Kuroda signals confidence on easing with no G20 backlash on yen

Published Tue, Feb 10, 2015 · 11:52 PM

[ISTANBUL] Bank of Japan Governor Haruhiko Kuroda said Group of 20 nations didn't criticize his monetary policy or discuss the yen's weakening, signaling confidence to proceed with easing that has driven down the currency.

"I felt it's well understood internationally that Japan will make positive contributions not only to its own economy but to the global economy if the nation ends deflation and achieves 2 per cent price stability through quantitative and qualitative monetary easing," Mr Kuroda told reporters on Tuesday in Istanbul, where he attended a meeting of G20 finance chiefs and central bank governors. "So there was no criticism at all" of the easing, he said.

The comments reinforce the idea that Kuroda's record stimulus fits with positions such as US Treasury Secretary Jacob J Lew's point that G20 counterparts shouldn't resort to currency devaluations to spur economic growth. Lew said last week that Japan's policies resulting in a weaker yen don't qualify as "unfair." "It's hard for G20 nations to criticise Japan now," Masamichi Adachi, senior economist at JPMorgan Chase & Co and a former central bank official, said before Mr Kuroda's remarks. "The BOJ can justify its aggressive monetary policy as they try to escape from deflation even as the yen is the key channel they are trying to influence." The G20 communique in Istanbul on Tuesday reiterated a two-year pledge not to resort to currency devaluations to spur growth, while saying that "current economic conditions require accommodative monetary policies in some economies."

The document cited Japan's "slow" recovery, after the world's third-largest economy slipped into a recession last year following an increase in the sales tax to 8 per cent in April. The slump prompted Abe to postpone another planned increase until 2017.

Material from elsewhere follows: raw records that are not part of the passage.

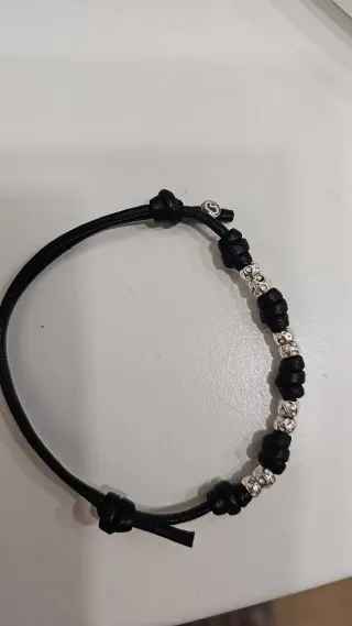 Elegante bracciale Dodo con cordino nero e granelle in argento. - Chiusura regolabile con nodi. - Dettagli in argento lucido.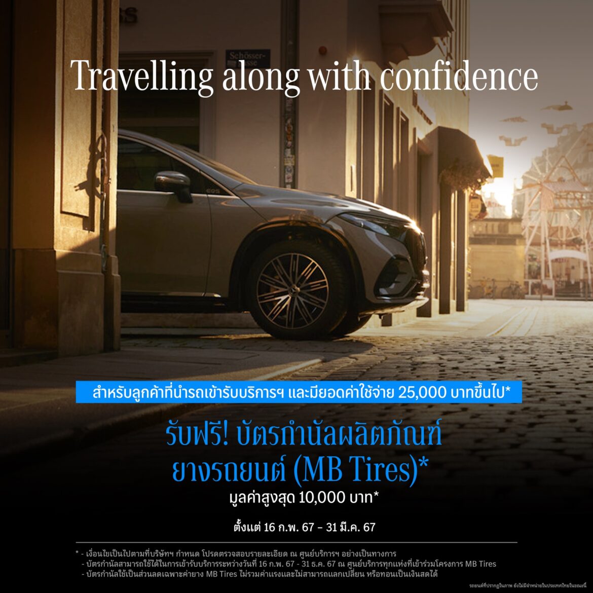 เมอร์เซเดส-เบนซ์ ประเทศไทย มอบความห่วงใยผ่านข้อเสนอและการบริการหลังการขายสุดพิเศษให้กับลูกค้ารถยนต์เมอร์เซเดส-เบนซ์ทุกรุ่น ตอบโจทย์ทุกการขับขี่และการโดยสารสู่การเดินทางครั้งใหม่ในช่วงซัมเมอร์ ให้ทุกไลฟ์สไตล์ขับเคลื่อนไปข้างหน้าอย่างมั่นใจด้วยแคมเปญ “Travelling along with Confidence” เมื่อลูกค้านำรถเข้ารับบริการที่ศูนย์บริการฯ อย่างเป็นทางการ สำหรับรถยนต์เมอร์เซเดส-เบนซ์ ทุกรุ่น (รวม Van model) ทุกช่วงอายุรถยนต์ ตั้งแต่วันที่ 16 กุมภาพันธ์ 2567 –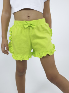 Шорты. Кулирное полотно, 100% х/б. Шорты-короткие с рюшей по боковым швам и низу. Притачной пояс с резинкой и отделочным бантом.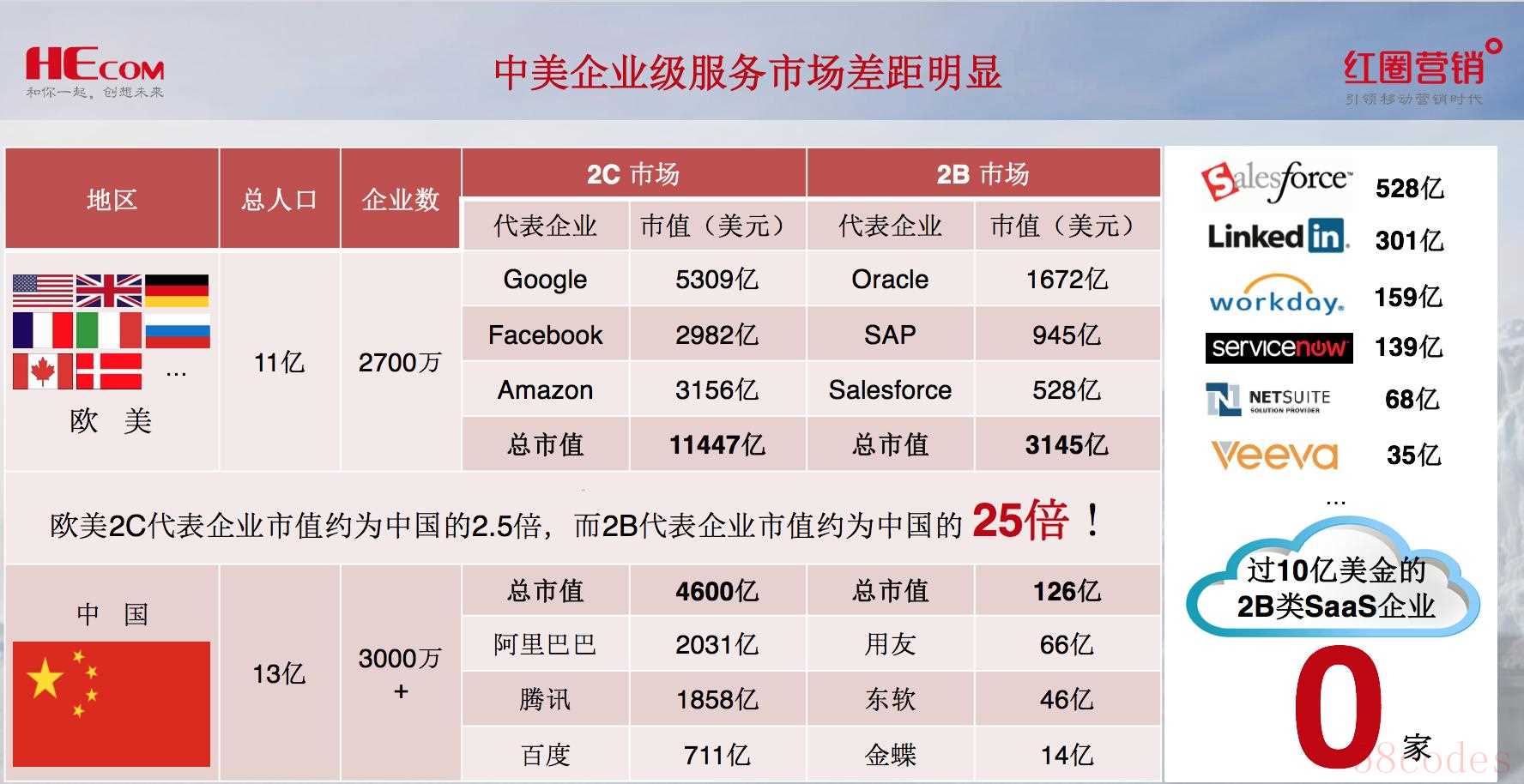 另外,跟欧美国家的企业相比,中国改革开放才30多年,整体的信息化水平处于相对落后阶段。尽管随着时代的发展企业内部逐渐互联网化,但很多企业还是不太清楚公司究竟需要什么样的企业级服务,即使是一直做销售的很多传统公司,也不太了解像红圈营销这样的软件应用服务能为工作带来的效率的明显提升。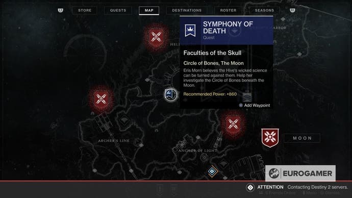 Sie werden jetzt die Symphonie des Todes für exotische Quest -Zeile beginnen. Der erste Schritt ist „Circle of Bones Explored“, einem Bereich, der tief unterirdisch im Mond ist.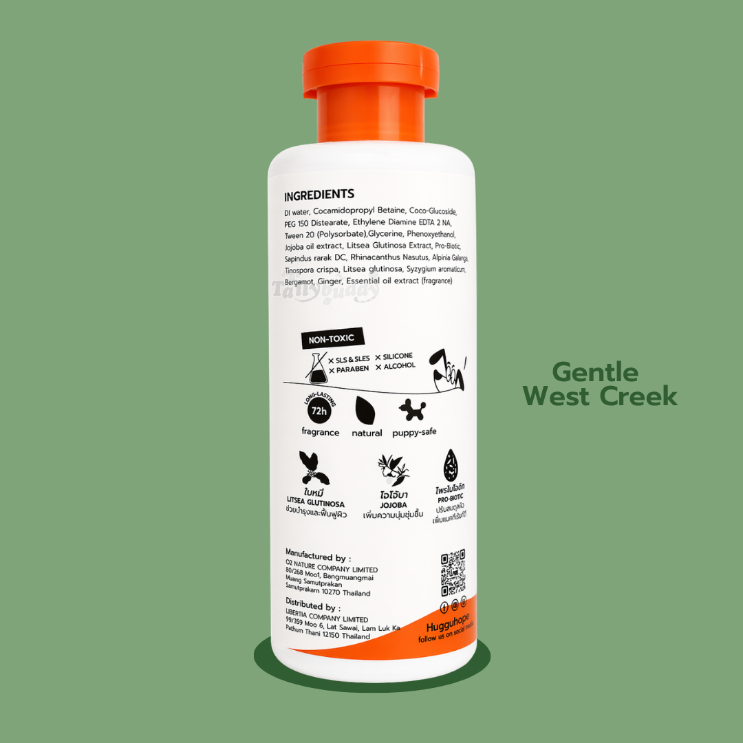Gentle West Creek (เขียว) INGREDIENTS: DI water, Cocamidopropyl Betaine, Coco-Glucoside, PEG 150 Distearate, Ethylene Diamine EDTA 2 NA Tween 20 (Polysorbate), Glycerine, Phenoxyethanol, Jojoba oll extract, itsea Glutinosa Extract, Pro-Biotic, Sapindus rarak DC. Rhinacanthus Nasutus, Alpinia Galanga, Tinospora crispa, Litsea glutinosa, Syzygium aromaticum, Bergamot, Ginger, Essential oil extract (fragrance)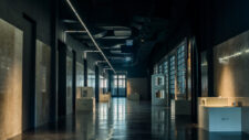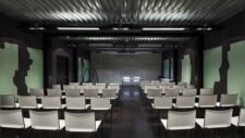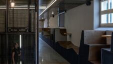Zelene neugledne kupaonske keramičke pločice, kojima su bili obloženi zidovi nekadašnjeg rudarskog kupatila, zadržavaju se u formama koje stvaraju vizualno upečatljiv ornament na crnim zidovima, diskretno podsjećajući na nekadašnju namjenu kuće.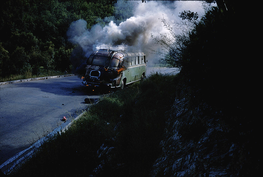 Mit dem Setra-Reisebus in fröhlicher Gesellschaft unterwegs und plötzlich stand der Motor in Flammen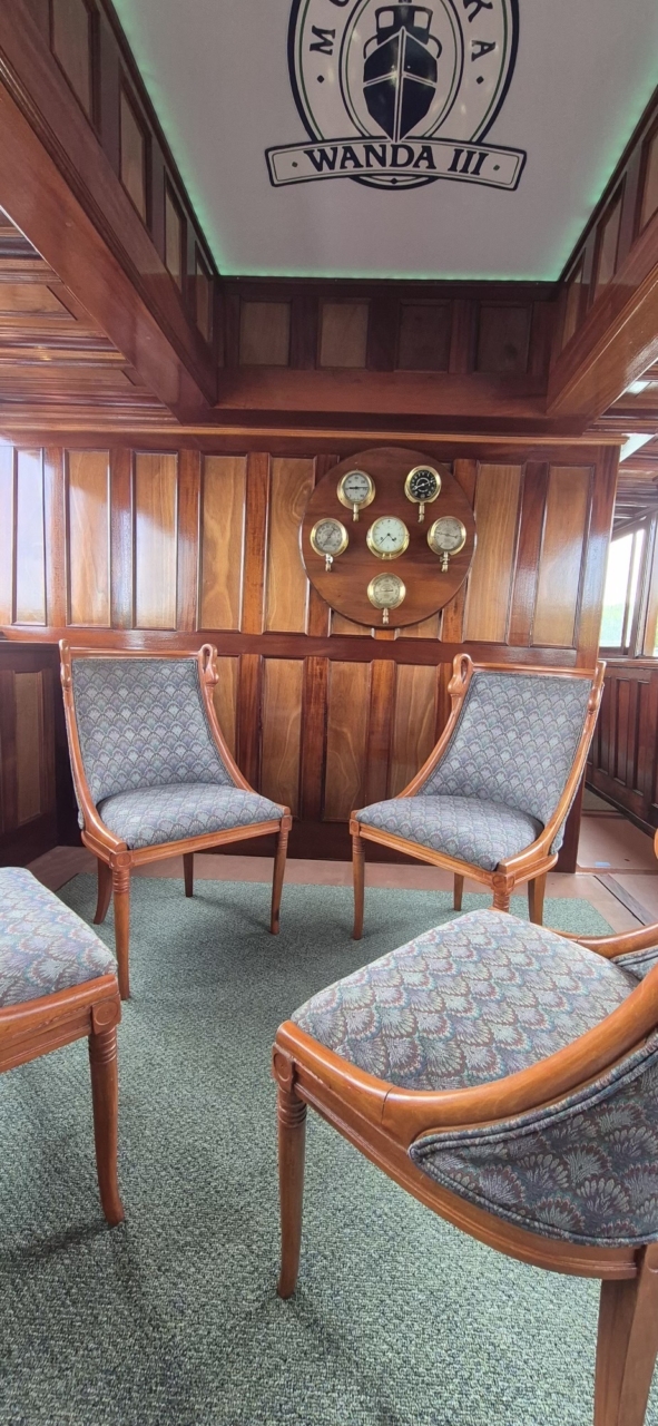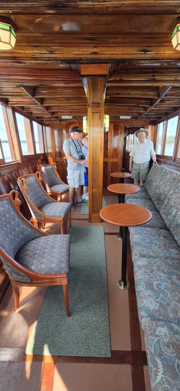 Experience the elegance and grandeur of days past as a passenger on Wanda III. An electrified propulsion allows you to sail in a quiet environment enjoying the scenery and conversation with your fellow passengers. The comfortable seating on the upper deck provides an intimate view of the water and landscape. The two lounges on the lower deck offer intimate and private conversation. Enjoy the sound of the new whistle on the lake.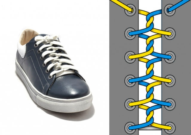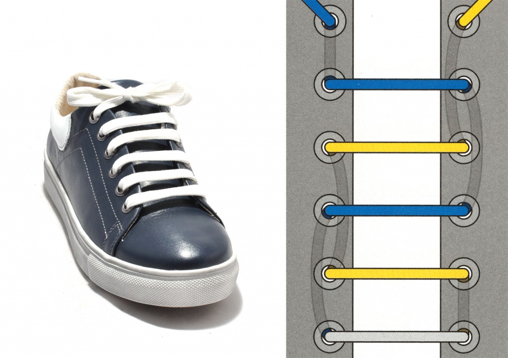 Если вы шнуруете кеды или кроссовки таким способом, они приобретут уникальный вид. Завязки будут надежнее держаться, а обувь лучше фиксироваться на ноге. Однако этот метод требует больше времени и подходит не для всех моделей, а только для тех, у которых есть 6 отверстий для шнурков.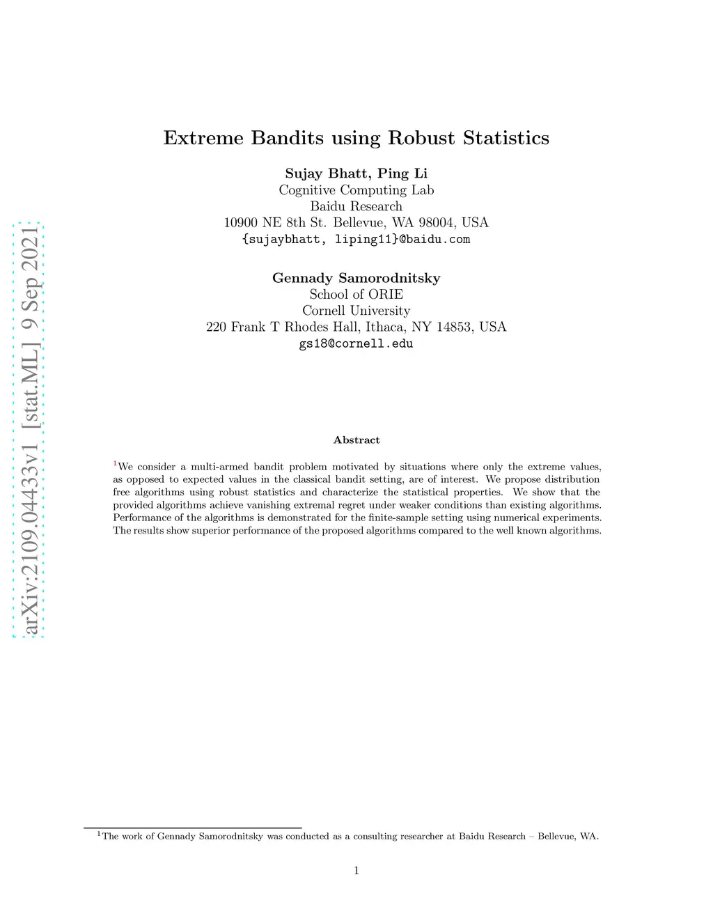 Extreme Bandits using Robust Statistics
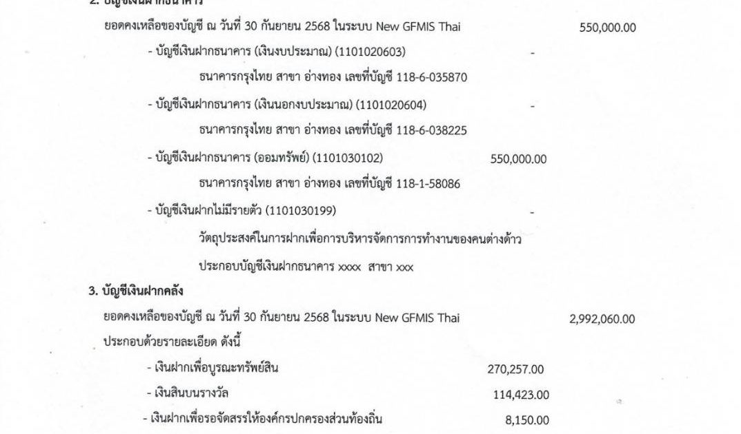 การแสดงรายละเอียดประกอบรายการบัญชีที่สำคัญของงบทดลอง ประจำเดือนกันยายน 2568 ภ.จว.อ่างทอง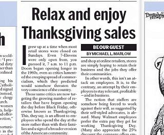 Michael Marlow, an economics professor, has a guest column in the Daily News where he argues that stores opening on Thanksgiving are just trying to compete with online retailers like Amazon who are open 24/7. It’s not an attack on families, but an attempt to stay relevant and remain in business. He also says many employees are just fine with the notion of working on Thanksgiving.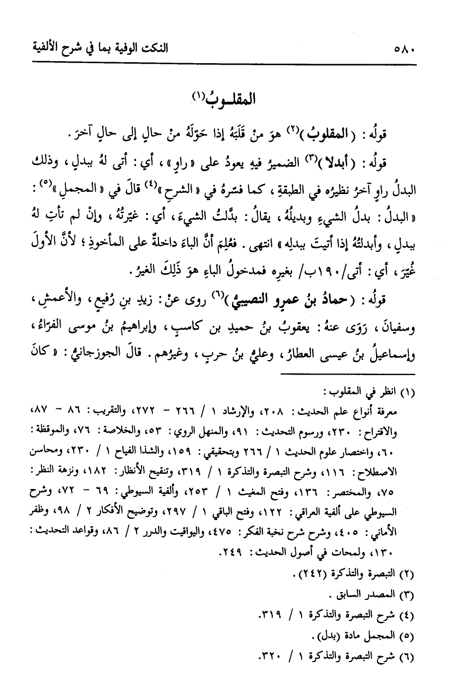 قولهُ: (المقلوبِ) (¬2) هوَ منْ قَلَبَهُ إذا حَوّلَهُ منْ حالٍ إلى حالٍ آخرَ.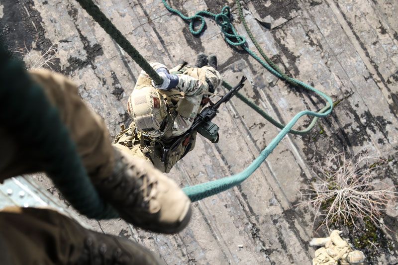 За допомогою комплекту з`ємного бортового обладнання “Канат-1” (Fast-rope), воїни #ССО разом з екіпажом гелікоптера вдосконалювали навички швидкої висадки та евакуації.
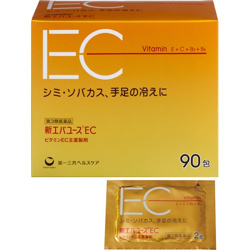 新エバユースEC(エバユース ビタミンEC主薬製剤 顆粒 1歳以上)/ビタミン剤・栄養剤/ブランド:新エバユース/【発売元、製造元、輸入元又は販売元】第一三共ヘルスケア/【新エバユースECの商品詳細】●ビタミンEC主薬製剤●主薬であるビタミンCは、しみの原因となるメラニンの生成をおさえ、コラーゲンの生成を助けるはたらきにより、しみ・そばかすなどの気になるお肌のトラブルを改善します。●天然型ビタミンEを配合していますので、末梢の血行を改善し、新陳代謝をスムーズにして、出来てしまったシミの症状緩和につながります。また、同時に末梢血行を改善しますので、手足の冷えやしびれを緩和します。/cate15133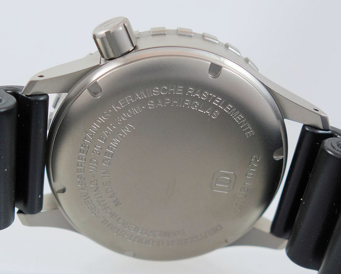 | Case | Bead-blasted, hardened Submarine-Steel with screw-down crown. Diver’s bezel with yellow 15-min scale & SuperLuminova. Sapphire crystal glass. |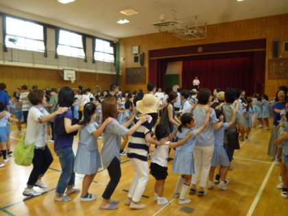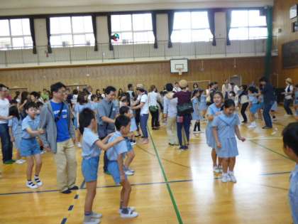 1限目に4年生の保護者の方と児童が楽しくレクレーションを楽しみました。
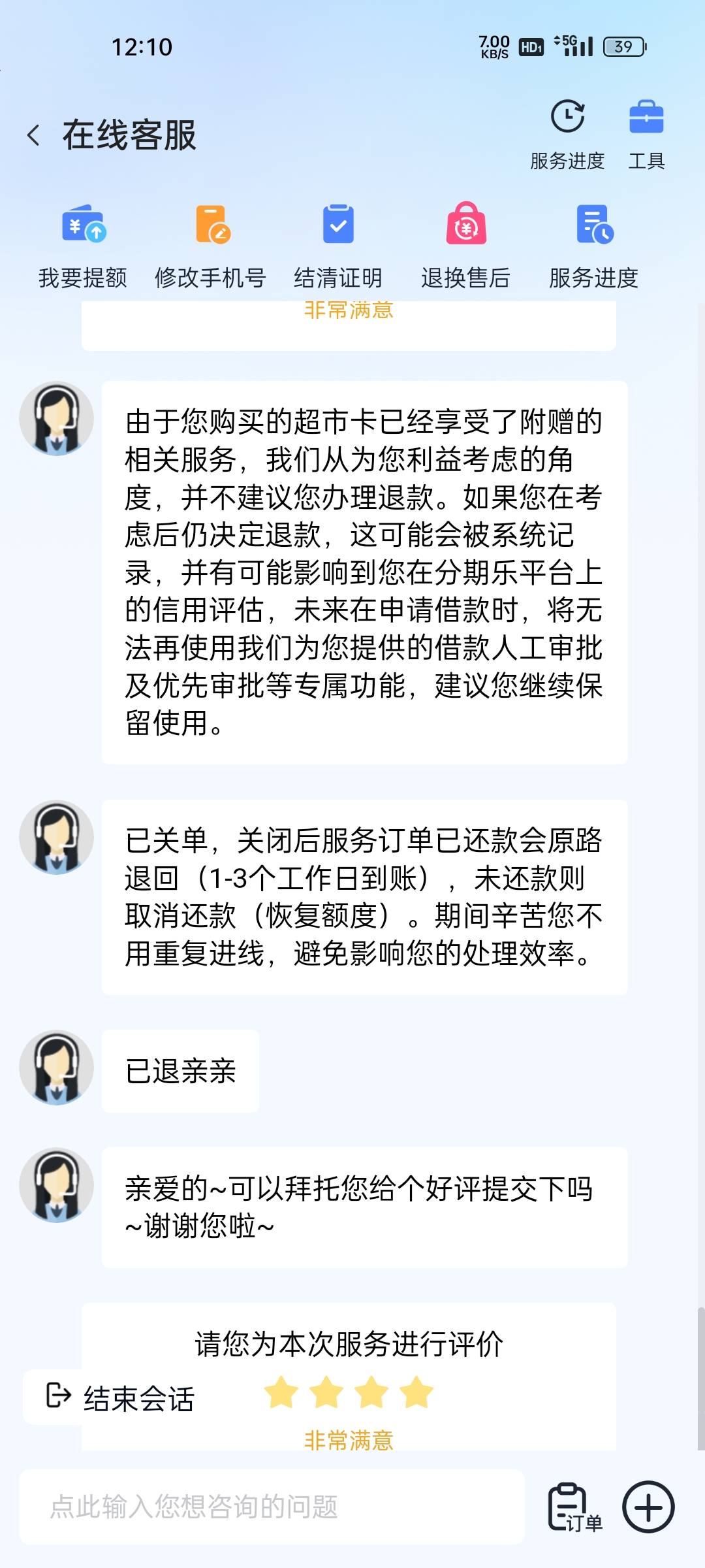 接上帖 分期乐又下款1380 两个500超市卡找客服秒退 老老哥们说不好退就没借款了 早知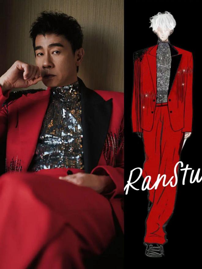 陈小春身着RuiRan Studio特别定制红色西装套装亮相,以“传统中国红+未来科技感”的先锋设计,打破大众对新年红装的固有认知,尽显硬汉柔情与潮流态度。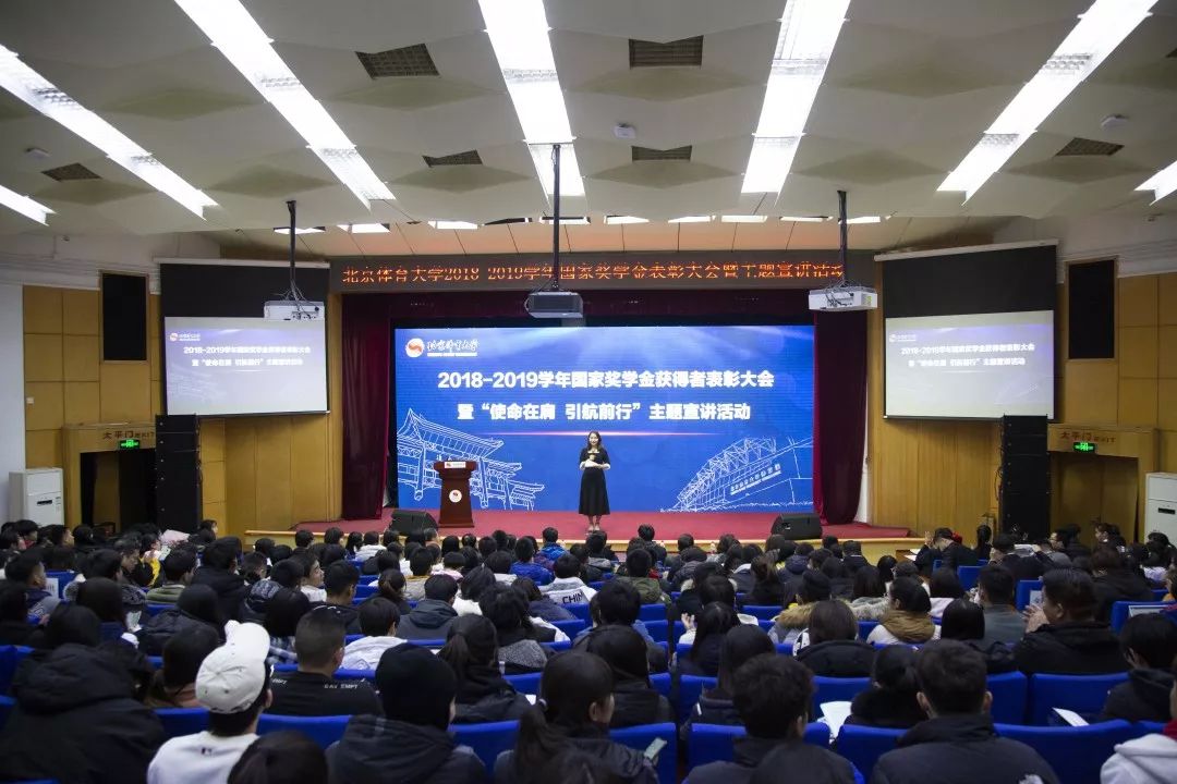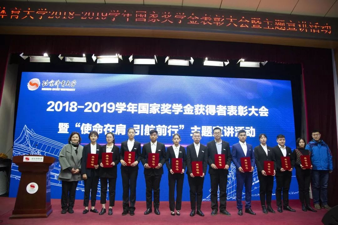 为全面贯彻落实全国教育大会精神,进一步加强校风、学风建设,充分发挥国家奖学金获得者在广大学生中的榜样引领作用,今年会于12月18日在师统讲堂举办今年会jinnianhui2018-2019学年国家奖学金表彰大会暨“使命在肩 引航前行”主题宣讲活动。当晚,师统讲堂座无虚席,今年会统战部、学生工作部、教务处、团委相关负责人、各学院书记、全体辅导员及学生代表参加了本次活动。

Mr Kuroda in October expanded already-record stimulus, adding downward pressure on the yen, which has weakened the most against the dollar among 16 major currencies since Prime Minister Shinzo Abe took office in 2012.

The currency is forecast to weaken further as US monetary policy moves toward tightening and the BOJ extends stimulus. The median estimate in a Bloomberg survey of more than 50 strategists is for the yen to drop to 122 per dollar in June, before reaching to 125 by year-end. It traded at 119.38 at 1.15 pm on Tuesday in New York.

"The G20 has confirmed that each central bank can use appropriate policy to fulfill its mandate for price stability and there is no change in that stance," Mr Kuroda said.

Mr Kuroda has repeatedly said the BOJ is targeting 2 per cent inflation, not foreign exchange rates, helping head off potential criticism of policies that have pushed the yen lower.

Consumer prices excluding fresh food rose 2.5 per cent from a year earlier in December. Stripped of the effect of the sales- tax increase, core inflation - the Bank of Japan's key measure - was 0.5 per cent, below its 2 per cent target.

"I expect we will generate a positive economic cycle going forward," Finance Minister Taro Aso told reporters Tuesday. An economic package in December and the government's various measures including talks with business lobbies and labor unions will lead to wage growth as companies enjoy record profits, he said.